AVAILABLE DATA
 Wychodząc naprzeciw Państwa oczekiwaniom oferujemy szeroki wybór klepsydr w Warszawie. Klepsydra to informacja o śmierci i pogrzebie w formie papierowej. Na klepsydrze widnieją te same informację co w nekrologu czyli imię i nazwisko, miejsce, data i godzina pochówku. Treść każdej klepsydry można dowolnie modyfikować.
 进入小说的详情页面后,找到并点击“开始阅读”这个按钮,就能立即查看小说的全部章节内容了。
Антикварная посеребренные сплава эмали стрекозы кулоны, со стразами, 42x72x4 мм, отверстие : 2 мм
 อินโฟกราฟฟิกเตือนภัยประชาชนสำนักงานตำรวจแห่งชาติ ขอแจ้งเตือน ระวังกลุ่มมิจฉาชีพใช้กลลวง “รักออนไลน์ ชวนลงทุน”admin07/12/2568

---

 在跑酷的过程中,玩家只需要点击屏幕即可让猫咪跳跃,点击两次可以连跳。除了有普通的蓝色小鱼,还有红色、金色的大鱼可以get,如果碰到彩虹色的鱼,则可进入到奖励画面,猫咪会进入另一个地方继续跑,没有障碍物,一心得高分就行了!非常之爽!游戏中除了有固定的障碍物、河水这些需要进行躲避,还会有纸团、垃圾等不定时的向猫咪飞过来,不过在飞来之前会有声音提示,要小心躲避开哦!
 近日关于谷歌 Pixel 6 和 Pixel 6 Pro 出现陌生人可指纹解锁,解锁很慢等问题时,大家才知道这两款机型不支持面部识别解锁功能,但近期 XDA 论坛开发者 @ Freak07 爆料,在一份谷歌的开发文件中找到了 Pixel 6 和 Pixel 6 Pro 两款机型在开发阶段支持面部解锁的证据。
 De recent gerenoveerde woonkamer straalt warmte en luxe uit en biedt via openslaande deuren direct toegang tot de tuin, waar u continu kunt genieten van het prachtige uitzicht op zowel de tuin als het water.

TASK STATEMENT
All lines in the listing above from the line containing "在跑酷的过程中,玩家只需要点" to the line containing "De recent gerenoveerde", inclusive, should be retyped exactly; no other lines should appear.

ANSWER TO THIS EXERCISE
 在跑酷的过程中,玩家只需要点击屏幕即可让猫咪跳跃,点击两次可以连跳。除了有普通的蓝色小鱼,还有红色、金色的大鱼可以get,如果碰到彩虹色的鱼,则可进入到奖励画面,猫咪会进入另一个地方继续跑,没有障碍物,一心得高分就行了!非常之爽!游戏中除了有固定的障碍物、河水这些需要进行躲避,还会有纸团、垃圾等不定时的向猫咪飞过来,不过在飞来之前会有声音提示,要小心躲避开哦!
 近日关于谷歌 Pixel 6 和 Pixel 6 Pro 出现陌生人可指纹解锁,解锁很慢等问题时,大家才知道这两款机型不支持面部识别解锁功能,但近期 XDA 论坛开发者 @ Freak07 爆料,在一份谷歌的开发文件中找到了 Pixel 6 和 Pixel 6 Pro 两款机型在开发阶段支持面部解锁的证据。
 De recent gerenoveerde woonkamer straalt warmte en luxe uit en biedt via openslaande deuren direct toegang tot de tuin, waar u continu kunt genieten van het prachtige uitzicht op zowel de tuin als het water.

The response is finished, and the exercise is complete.